132. What emerges from this review is that, in every case where it was held by the High Court that the verdict of guilty (whether verdict of a jury or judge alone) was flawed by reason of the failure to give a warning to the effect that the complainant’s evidence must be scrutinised with great care, there were circumstances other than the absence of corroboration of the complainant’s evidence that led to that conclusion. There is no case, post s 405C, in which it has been held that the failure to give a warning (to a jury, or, notionally to the trial judge) to the effect that the absence of corroboration alone calls for a direction in accordance with Murray.
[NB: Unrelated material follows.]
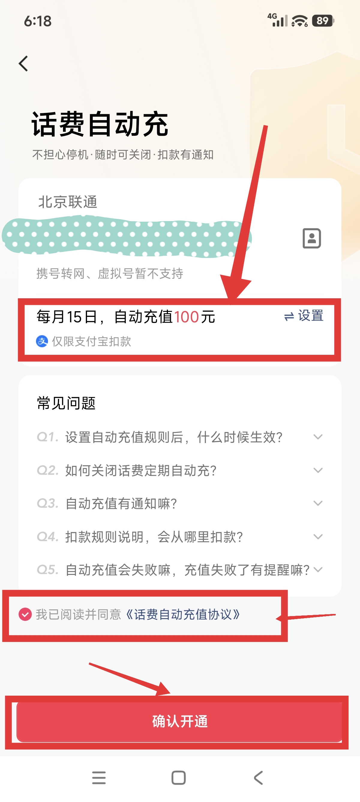 6.到话费自动充页面后,设置每月支付宝扣款,勾选(我已阅读并同意),然后点击(确认开通)按钮即可了。

137. The question of the possible effect of s 294AA on the statement in Murray was raised by the Court and the parties were given an opportunity to make further submissions. The parties were united in their response. They agreed that s 294AA has no bearing on whether or not a “Murray direction” is called for. I cannot accept that position.
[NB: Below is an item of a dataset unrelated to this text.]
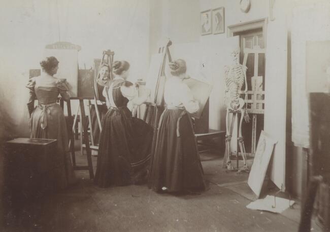 81. Csontvázat rajzoló nők. In Magyar Kir. Női Festőiskola: fényképek a növendékekről munka közben és az iskola alaprajza, j Ecole Roy. Honr. de Peinure pour Dames. Lés élevés pendan le ravail et plan de l'école, [s. n.], [Budapest], [ca. 1900]

140. A “Murray direction”, based only on the absence of corroboration, is, in my opinion, tantamount to a direction that it would be dangerous to convict on the uncorroborated evidence of the complainant.
141. The injunction contained in s 294AA is directed to what is, in substance, the content of the Carr direction. If the direction given suggests that merely - I emphasise merely - because a complainant’s evidence is uncorroborated, it would be, on that account, dangerous to convict, it transgresses s 294AA(2). The critical aspect of s 294AA is the substance of the direction that is prohibited. It cannot be avoided by switching from one linguistic formula (“dangerous to convict”) to another (“scrutinise the evidence with great care”). However formulated, the substance of the direction is the same - that, merely because the evidence is uncorroborated, it would be unsafe for the jury to act upon it.
145. But, as has frequently been observed, sexual offences typically are committed in private, when only the perpetrator and the victim are present. In that case, a direction concerning the absence of corroboration has little to do except suggest unreliability on the part of the complainant.
146. Since it was only the absence of corroboration that was said to give rise to the requirement of a “Murray direction”, this ground must fail. Not only was such a direction not required, it was prohibited by s 294AA(2).
238. I agree with the orders proposed by Simpson J and her Honour’s reasons for those orders. I also agree with the additional remarks of Basten JA.